# Time Out from Chef Talk



## shel (Dec 20, 2006)

I am going to be taking some time off from posting on the list. Today - maybe tomorrow - will be my last day here for a while.


----------



## amazingrace (Jul 28, 2006)

You will be missed.


----------



## koukouvagia (Apr 3, 2008)

Are you traveling?


----------



## shel (Dec 20, 2006)

Nope ... wish I was, though.


----------



## chefjohnpaul (Mar 9, 2000)

SHEL-shocked!


----------



## mezzaluna (Aug 29, 2000)

Don't be a stranger!
Mezz


----------



## willie24 (Aug 13, 2008)

Hope all is well - be safe.


Willie


----------



## tessa (Sep 9, 2007)

dont stay away too long Shel hope you are ok


----------



## vera bradley (Mar 21, 2004)

Okay, break's over, you slacker. 

Get back in here!


----------



## free rider (May 23, 2006)

You weren't even gone a day! :suprise:


----------



## ed buchanan (May 29, 2006)

Dont eat frankfurters!!!!!


----------



## shel (Dec 20, 2006)

I was gone for about a week, if I recall - less than anticipated. Got my business done faster than expected.


----------



## shel (Dec 20, 2006)

I promise Ed, no more Hebrew National, but maybe some of the local pups every now and then. OK? Puleeeze say it's OK ... :lol:


----------



## shroomgirl (Aug 11, 2000)

that's a quality of life issue.....


----------



## vera bradley (Mar 21, 2004)

What happened to Shel?


----------



## chrose (Nov 20, 2000)

Shel banned?

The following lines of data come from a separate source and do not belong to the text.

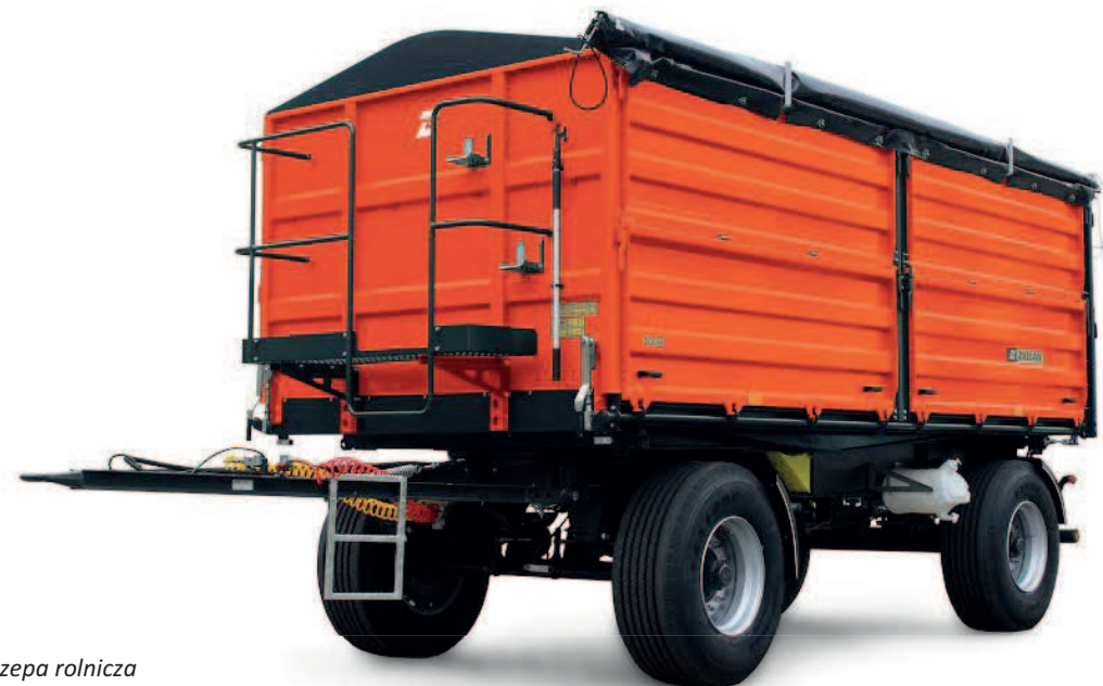
Przyczepa rolnicza ZASŁAW D-737AA-14t XL pojemność 20,1 m 3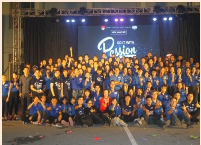
Đêm nhạc hội “Chào tân sinh viên” 2017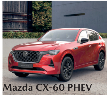
Mazda CX-60 PHEV

Energieverbrauch*: Mazda CX-30 Prime-Line e-Skyaktiv G 122 90 kW / 122 PS Benziner im kombinierten Testzyklus (WLTP): 5,9 l/100km. CO 2 -Emissionen kombiniert: 134 g/km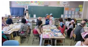
小学生と昔遊び・給食も一緒に楽しみました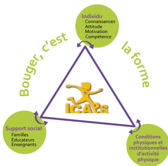
Niveaux d'intervention d'Icaps d'après International Journal of Obesity (2004)

Une intervention a toutes les chances d'être plus efficace si elle s'inscrit d'emblée dans une approche socio-écologique intégrant plusieurs niveaux et types d'actions :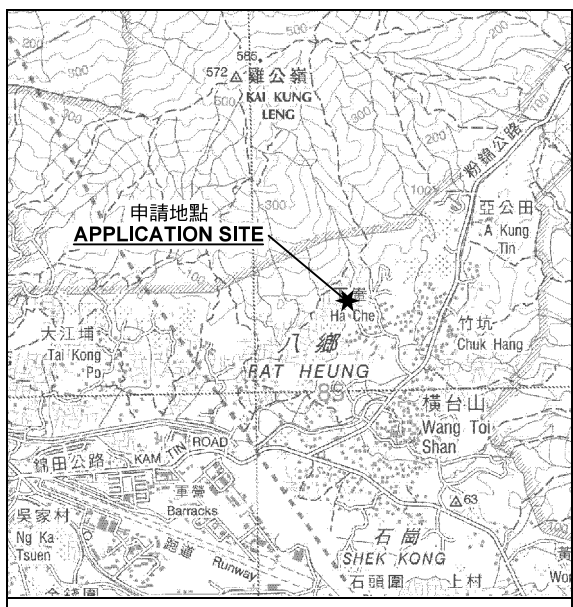
要覽圖 KEY PLAN SCALE 1:50 000 比例尺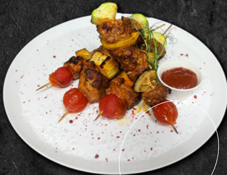
Шашлык из свинины 100 г / 500 Р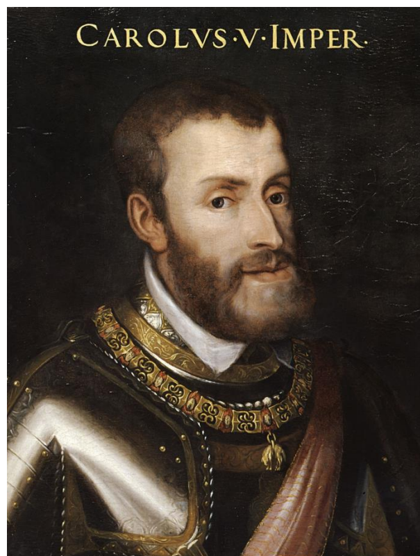
Carlo V d'Asburgo, re di Spagna e imperatore del Sacro Romano Impero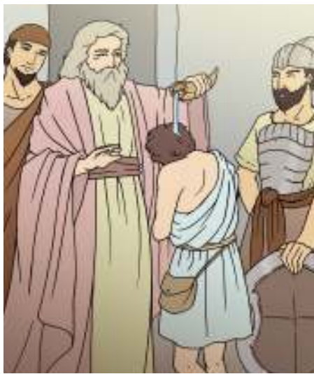
Sumber: Dok. Kemdikbud Gambar 2.12

Tetapi pada malam itu juga datanglah firman Tuhan kepada Natan, demikian: “Pergilah, katakanlah kepada hamba-Ku Daud: Beginilah firman Tuhan: Masakan engkau yang mendirikan rumah bagi-Ku untuk Kudiami? Aku tidak pernah diam dalam rumah sejak Aku menuntun orang Israel dari Mesir sampai hari ini, tetapi Aku selalu mengembara dalam kemah sebagai kediaman. Selama Aku mengembara bersama-sama seluruh orang Israel, pernahkah Aku mengucapkan firman kepada salah seorang hakim orang Israel, yang Kuperintahkan menggembalakan umat-Ku Israel, demikian: Mengapa kamu tidak mendirikan bagi-Ku rumah dari kayu aras? Oleh sebab itu, beginilah kaukatakan kepada hamba-Ku Daud: Beginilah firman Tuhan semesta alam: Akulah yang mengambil engkau dari padang, ketika menggiring kambing domba, untuk menjadi raja atas umat-Ku Israel.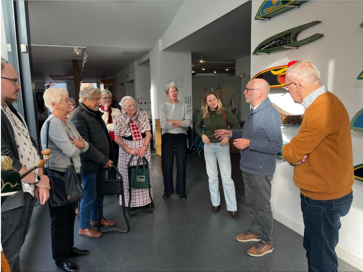
Rondleiding door het Fries Scheepvaartmuseum in Sneek tijdens het vrijwilligersuitje in november

Interesting.........


----------



## nicko (Oct 5, 2001)

I am sorry to say that due to a number of complaints we (the mods) were receiving about the spirit of Shel's posts we felt it best for him to move on from ChefTalk.

If anyone has any questions please feel free to contact myself or Jim. I am closing this thread.


----------